#### Stored data
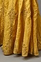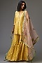 Featuring a yellow short kurta in hand crushed silk base with sequins, gota lace and zari handwork. It is paired with matching kalidar pants having sequins, zari, gota lace, drawstrings and an elasticated back, including a contrasting silk organza embroidered dupatta.
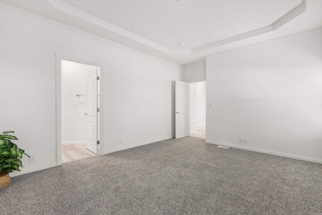 High Ceilings, Open Floorplan, Pantry, Recessed Lighting, All Bedrooms Down, Main Level Primary, Utility Room, Coffered Ceiling(s), Crown Molding, Solid Surface Counters
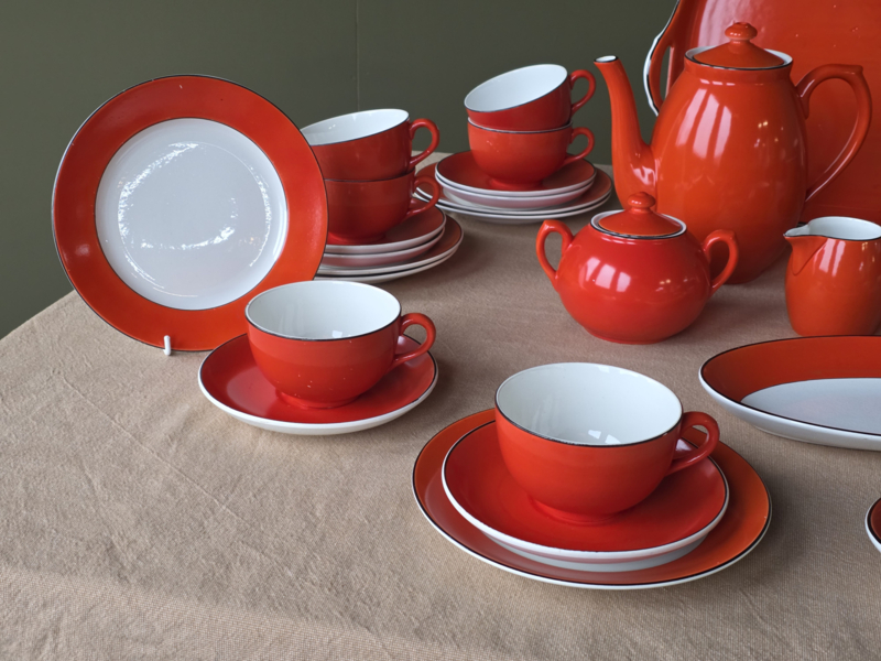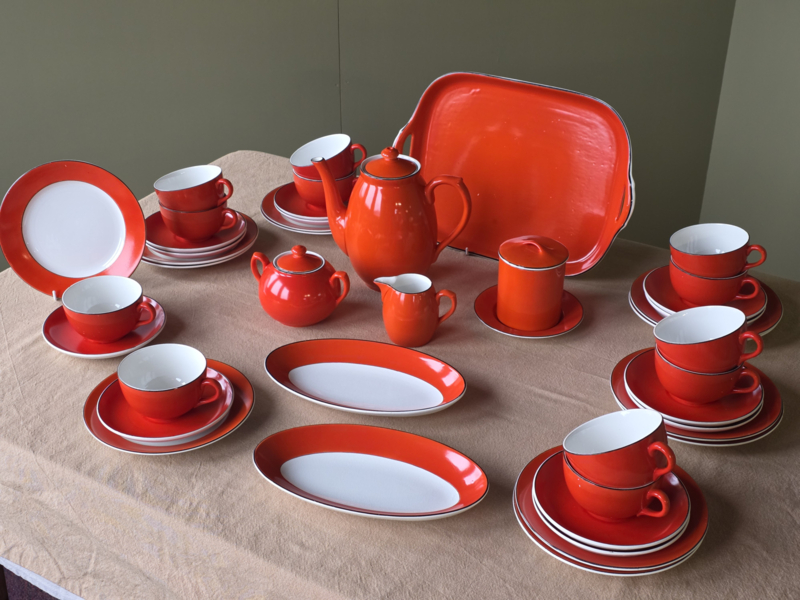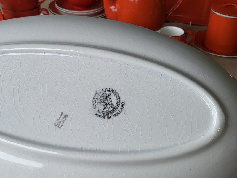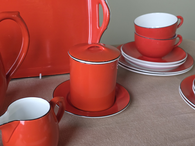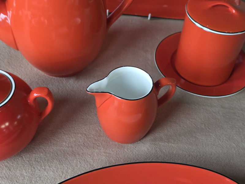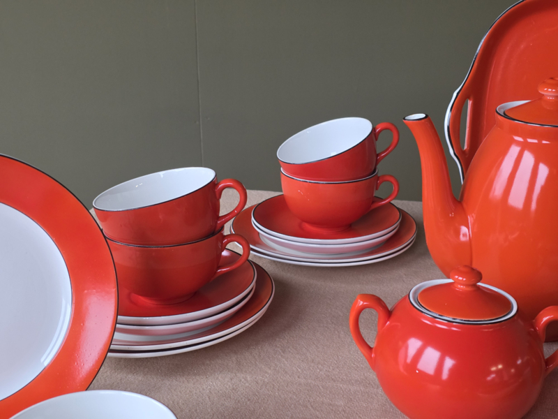 Het servies is mooie staat, er kan craquelee aanwezig zijn. Het roomkannetje heeft een chipje aan de tuit. De kleur is een prachtige oranje-rood tint.
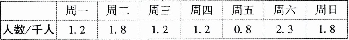 | 人数/千人 | 1.2 | 1.8 | 1.2 | 1.2 | 0.8 | 2.3 | 1.8 |

#### Your objective
Go through the data above and transcribe it in full, omitting any image.

#### Written response
 Featuring a yellow short kurta in hand crushed silk base with sequins, gota lace and zari handwork. It is paired with matching kalidar pants having sequins, zari, gota lace, drawstrings and an elasticated back, including a contrasting silk organza embroidered dupatta.
 High Ceilings, Open Floorplan, Pantry, Recessed Lighting, All Bedrooms Down, Main Level Primary, Utility Room, Coffered Ceiling(s), Crown Molding, Solid Surface Counters
 Het servies is mooie staat, er kan craquelee aanwezig zijn. Het roomkannetje heeft een chipje aan de tuit. De kleur is een prachtige oranje-rood tint.
 | 人数/千人 | 1.2 | 1.8 | 1.2 | 1.2 | 0.8 | 2.3 | 1.8 |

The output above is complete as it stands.